INSTRUCTIONS TO FOLLOW
A verbatim reproduction of the following listing is required; omit the pictures.

DATASET
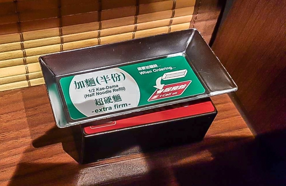 等到吃得差不多想要加麵時,就把小鐵盤放在服務鈴上面,就會響起一段音樂,服務人員就會過來把小鐵盤收走,然後送上半份加麵
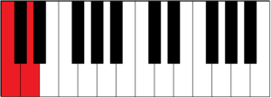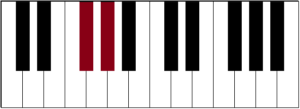 Vaak gaat het om een witte en zwarte toets die naast elkaar liggen, zoals bijvoorbeeld tussen C en Cis (of Des):
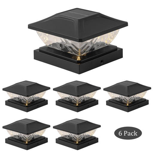 View full details6-Pack Black Solar LED Outdoor Post Cap Lights with Hammered Lens
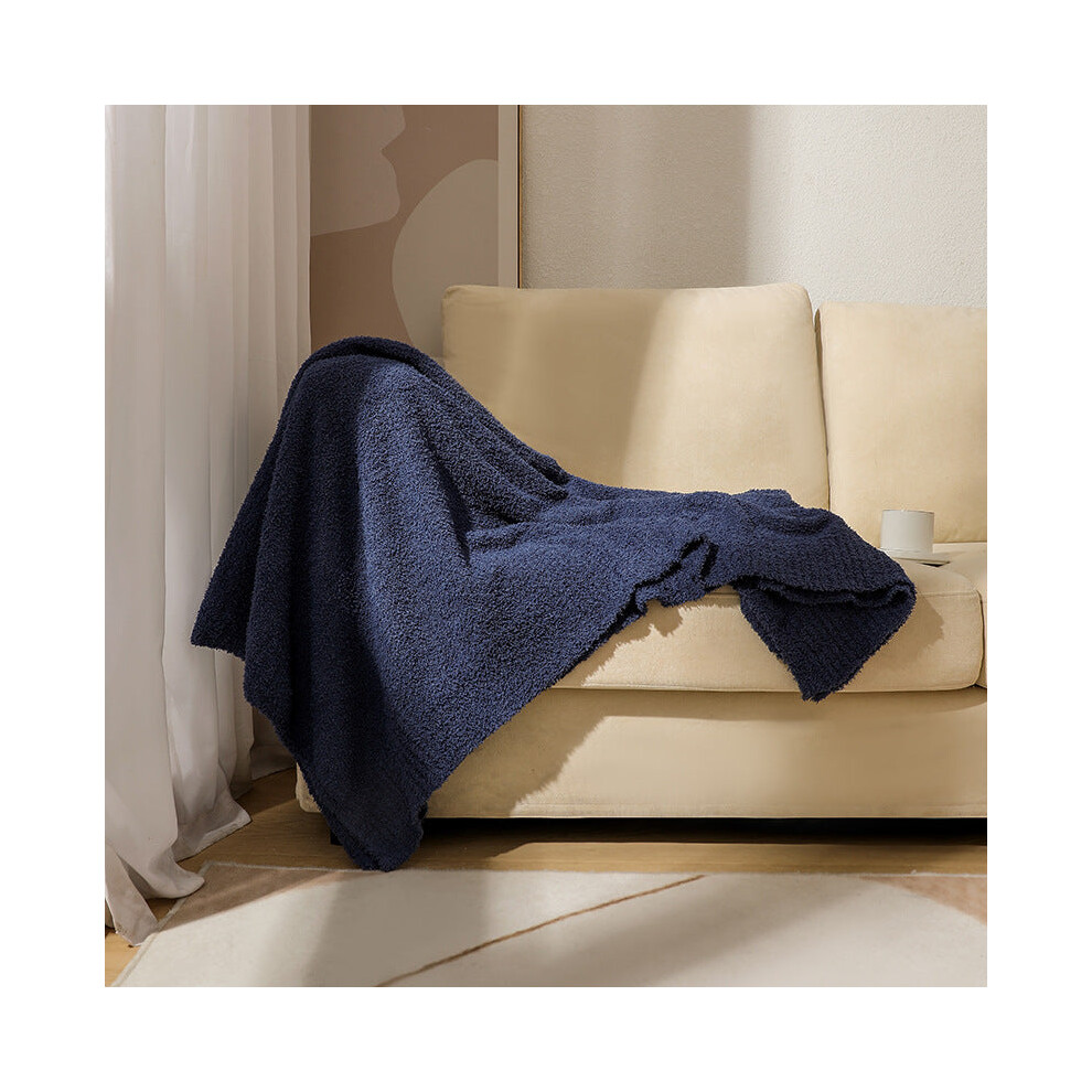 130 X 160 Cm Navy Blue Plush Solid Color Knitted Blanket For Sofa And Office Cozy Comfort Throws & Afghans
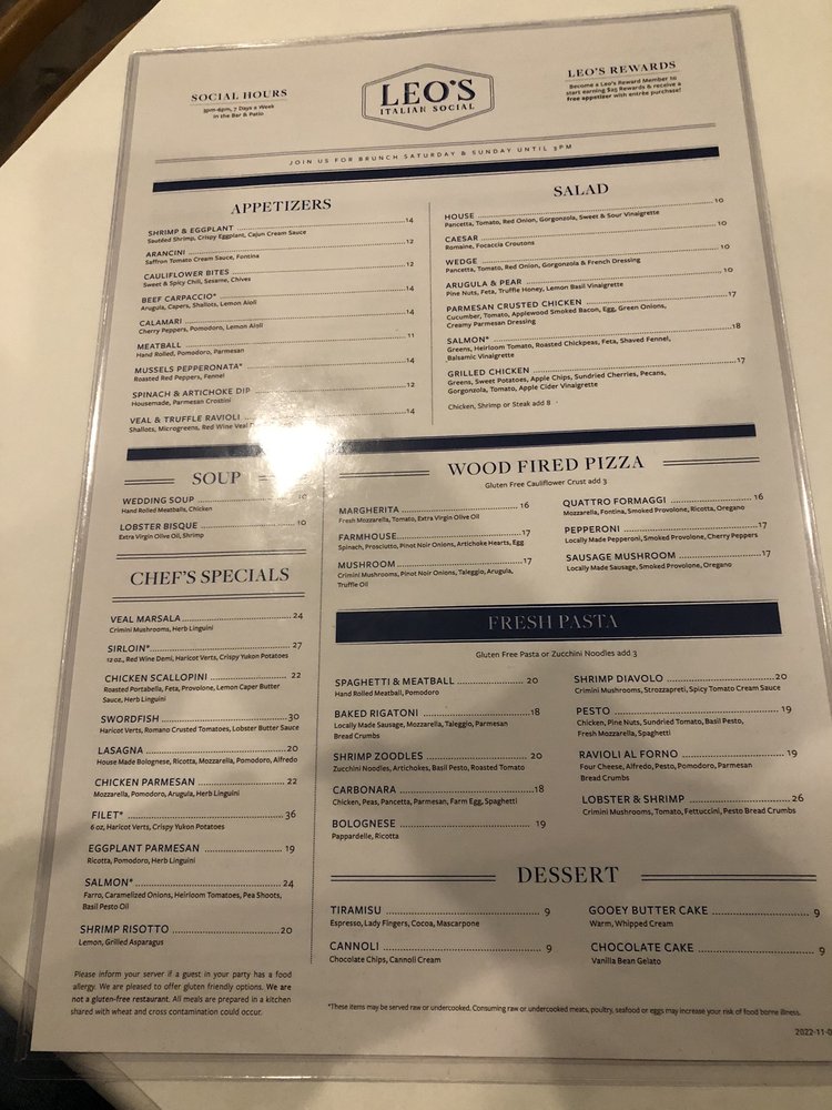 Leo's Italian Social is a bustling Italian eatery in Morrisville, NC that caters to a variety of dining preferences. With a wide range of menu offerings, including spinach dip, calamari, lobster pasta, halibut, mussels, ravioli appetizers, eggplant parm, and rigatoni, there is something for everyone to enjoy. The unique bread served with olive oil and vinegar sets it apart from other Italian restaurants. Customers rave about the exceptional service provided by the staff, particularly mentioning their accommodating attitude towards dietary restrictions. The spacious interior and moderate noise level make it a great spot for gatherings with friends or intimate date nights. If you're looking for a rewarding dining experience, Leo's Italian Social is a must-visit for authentic Italian cuisine and impeccable service.
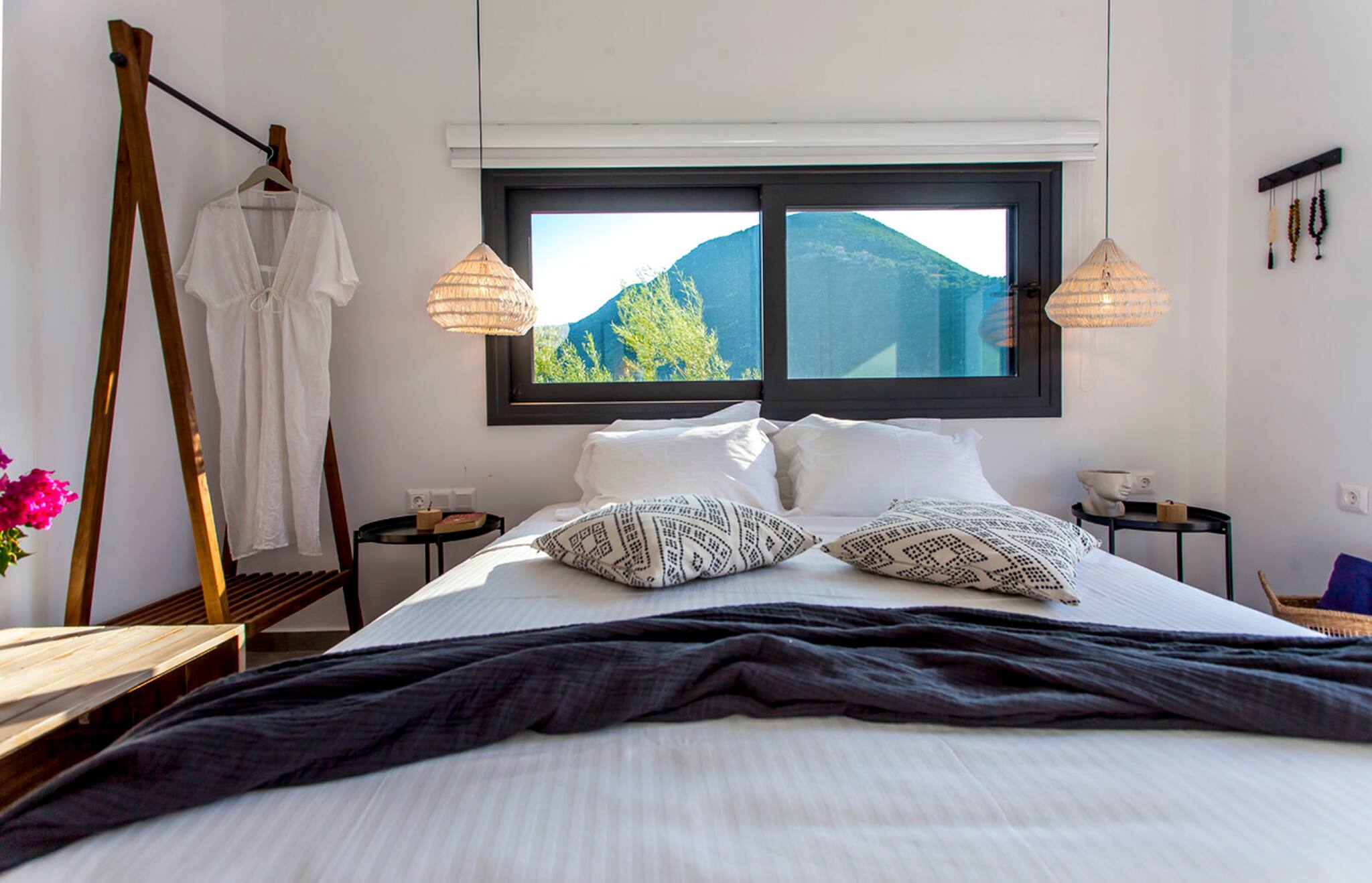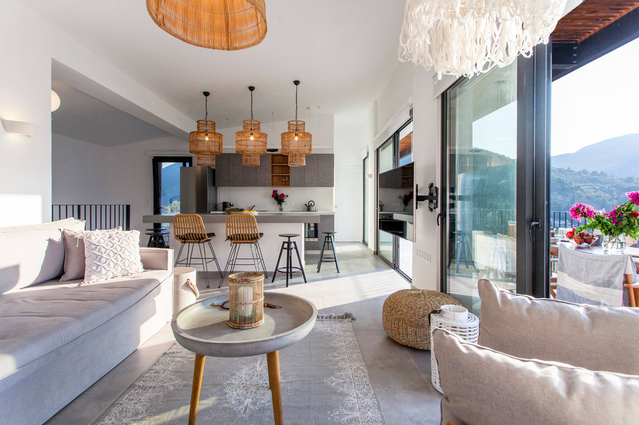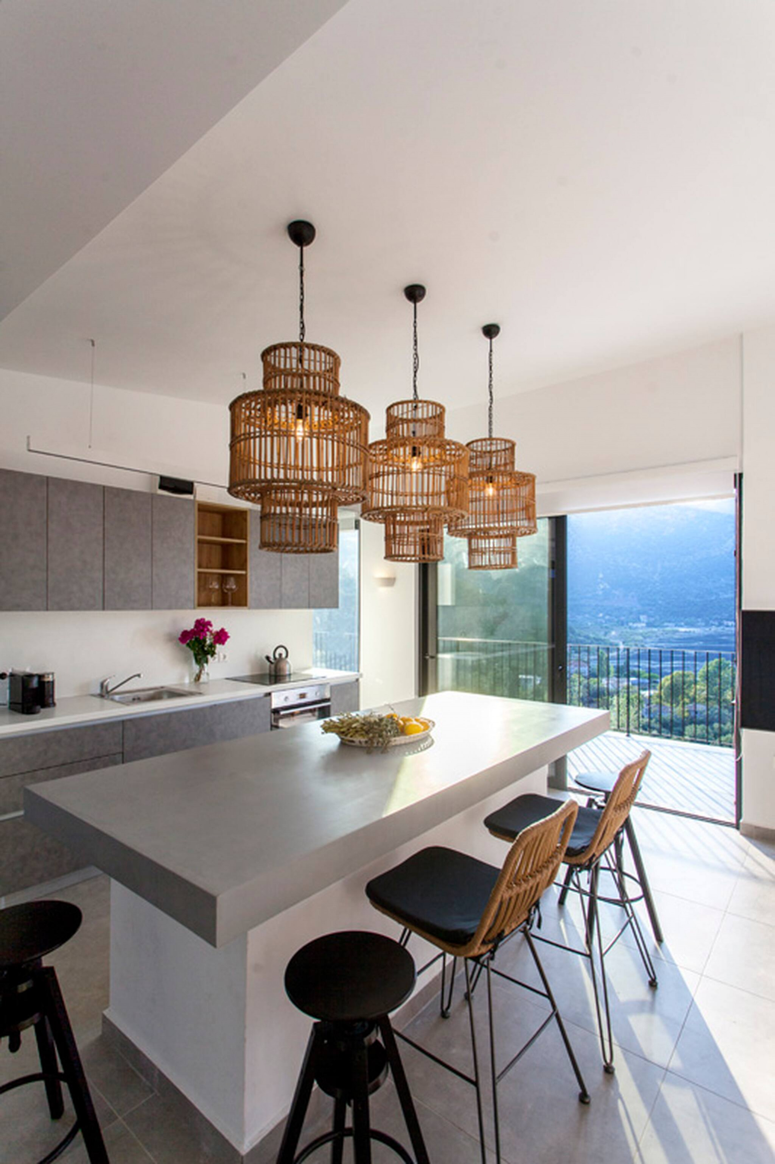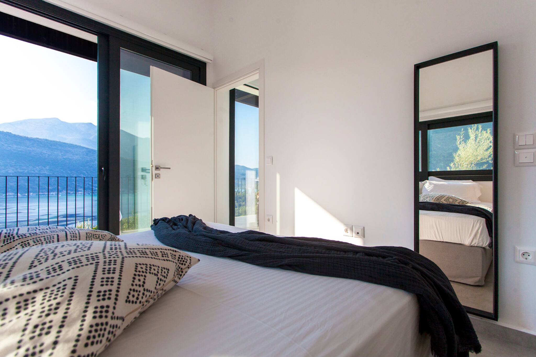Villa Theia is 120 square meters in size and is laid out over two levels. Upon entering from the ground level floor, you are welcomed by an open plan living area consisting of a lounge area and fully equipped kitchen with a sit down island. The large sliding window doors fill the space with natural light and creating an indoor-outdoor experience like no other. Additionally on the ground level of the villa is a large double bedroom with en-suite bathroom. This space also is filled with natural light and the convenience of a private balcony overlooking Vlicho Bay.

RESPONSE TO THE EXERCISE
 等到吃得差不多想要加麵時,就把小鐵盤放在服務鈴上面,就會響起一段音樂,服務人員就會過來把小鐵盤收走,然後送上半份加麵
 Vaak gaat het om een witte en zwarte toets die naast elkaar liggen, zoals bijvoorbeeld tussen C en Cis (of Des):
 View full details6-Pack Black Solar LED Outdoor Post Cap Lights with Hammered Lens
 130 X 160 Cm Navy Blue Plush Solid Color Knitted Blanket For Sofa And Office Cozy Comfort Throws & Afghans
 Leo's Italian Social is a bustling Italian eatery in Morrisville, NC that caters to a variety of dining preferences. With a wide range of menu offerings, including spinach dip, calamari, lobster pasta, halibut, mussels, ravioli appetizers, eggplant parm, and rigatoni, there is something for everyone to enjoy. The unique bread served with olive oil and vinegar sets it apart from other Italian restaurants. Customers rave about the exceptional service provided by the staff, particularly mentioning their accommodating attitude towards dietary restrictions. The spacious interior and moderate noise level make it a great spot for gatherings with friends or intimate date nights. If you're looking for a rewarding dining experience, Leo's Italian Social is a must-visit for authentic Italian cuisine and impeccable service.
Villa Theia is 120 square meters in size and is laid out over two levels. Upon entering from the ground level floor, you are welcomed by an open plan living area consisting of a lounge area and fully equipped kitchen with a sit down island. The large sliding window doors fill the space with natural light and creating an indoor-outdoor experience like no other. Additionally on the ground level of the villa is a large double bedroom with en-suite bathroom. This space also is filled with natural light and the convenience of a private balcony overlooking Vlicho Bay.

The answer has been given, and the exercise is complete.